Vail Valley Partnership’s Platinum Service Program honors top performers
Here are the Vail Valley businesses that earned 90 percent scores or better during the 2017-18 round of the Vail Valley Partnership’s Platinum Service Program.
• Bonfire Brewing (103.3 percent).
• Vail Valley Partnership (102 percent).
• Double Diamond Ski Shop (100 percent).
• Slifer Designs (100 percent).
• Beaver Liquors (99.6 percent).
• West Vail Liquor Mart (99.4 percent).
• Base Mountain Sports (97.7 percent).
• Edwards Station (97.3 percent).
• The Thrifty Shoppe, Eagle (97.1 percent).
• Vail Public Library (97 percent).
• The Thrifty Shoppe, Edwards (96.5 percent).
• Terra Bistro (95.5 percent).
• Vail Mountain Lodge Vitality Center (94 percent).

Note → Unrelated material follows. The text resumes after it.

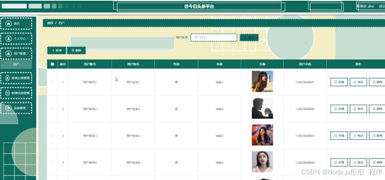 用户管理:在用户管理页面可以查看用户账号、用户姓名、性别、年龄、头像、用户手机等信息,根据需要进行详情、修改、删除等操作,如图5-4所示:
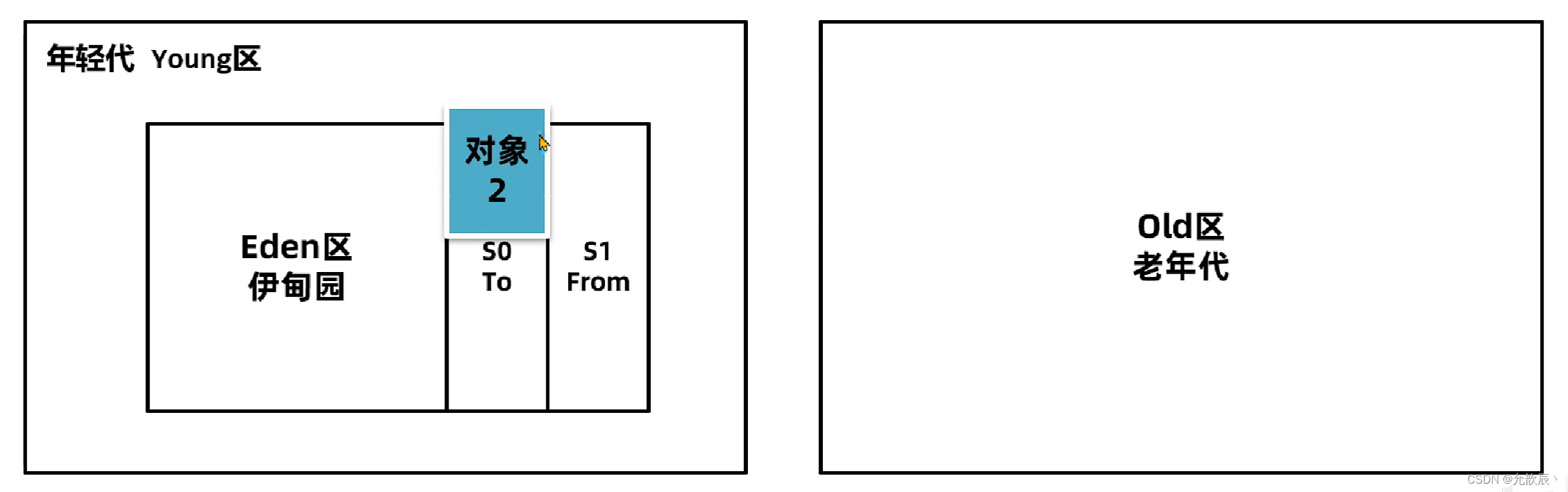 接下来,SO会变成To区,S1变成From区。当eden区满时再往里放入对象,依然会发生Minor GC.此时会回收eden区和S1(from)中的对象,并把eden和from区中剩余的对象放入S0。

• Ski Butlers (92.5 percent).
Source: Vail Valley Partnership
EAGLE COUNTY — The days of “smile schools” are long past in the Vail Valley. These days, businesses have to be more engaged in getting employees to provide great service.
Part of that effort is visits from mystery shoppers, who evaluate service on a personal level. The Vail Valley Partnership has for several years provided those shoppers through its Platinum Service Program.
The Partnership recently released a list of 14 local businesses that ran up scores of 90 percent of more for the 2017-18 ski season for at least six visits by an independent company contracted by the Partnership.
Two businesses on the list — Slifer Designs and the Double Diamond Ski Shop — earned 100 percent scores. Another pair — Bonfire Brewing and the Vail Valley Partnership — had scores of more than 100 percent.
Reached at the brewery in Eagle, Bonfire co-owner Amanda Jessen said the extra points came from some extra credit questions on the shopper surveys. One of those — the time it took for service — was scored every time a mystery shopper came in, she said.
Partnership CEO Chris Romer said the extra credit scores boil down to a matter of doing more than expected.
“You need to do the core things people expect,” Romer said. “Where you stand out is in exceeding expectations.”
Romer said customer service itself may be an outdated term. What’s important, he added, is the entire customer experience. Service is the primary component of that experience.
Providing great service is tough, Romer said, thanks to many businesses being chronically under-staffed.
In that environment, the old model of holding a classroom session — commonly called “smile school” — doesn’t really work anymore, he said.
“Forced fun never works,” Romer said. “There needs to be a continued, re-emphasized model of customer service.”
Mystery shoppers can help businesses maintain those efforts. While the Platinum Service Program isn’t as widely used as it once was — when it was part of the requirements for merchant ski passes — Romer said the program is well-used, particularly by local businesses. Bigger businesses, including national chains, tend to use their own evaluation and training programs.
Jessen said Bonfire Brewing takes pride in being a good part of the community. Maintaining great service is a key part of that, she said.
“We’re growing,” Jessen said. With more employees — some of whom haven’t worked long at Bonfire — it’s important to make sure everyone is focused on what’s important.
Focusing on service isn’t just for for-profit businesses, either. Among the most recent top performers in the program are the Thrifty Shoppe locations in Edwards and Eagle. Those shops provide most of the funding for Vail Valley Cares, a non-denominational Christian organization that uses proceeds from the shops to help fund dozens of valley nonprofit groups.
Vail Valley Cares director Greg Osteen said this is the third consecutive year both Thrifty Shoppe locations have made the top-performers list.
That’s important, he said.
“Thrift stores are not usually known for customer service,” Osteen said. “But (employees) love it.”
Part of the attraction is that Osteen will buy lunch for a store’s crew if a mystery shopper gives a 100 percent score. A poor score is a chance to talk to the crew about how to do better.
And, Osteen added, a good public image is essential for Vail Valley Cares.
“We survive on donations,” Osteen said. “If our people take care of people, they’ll take care of us.”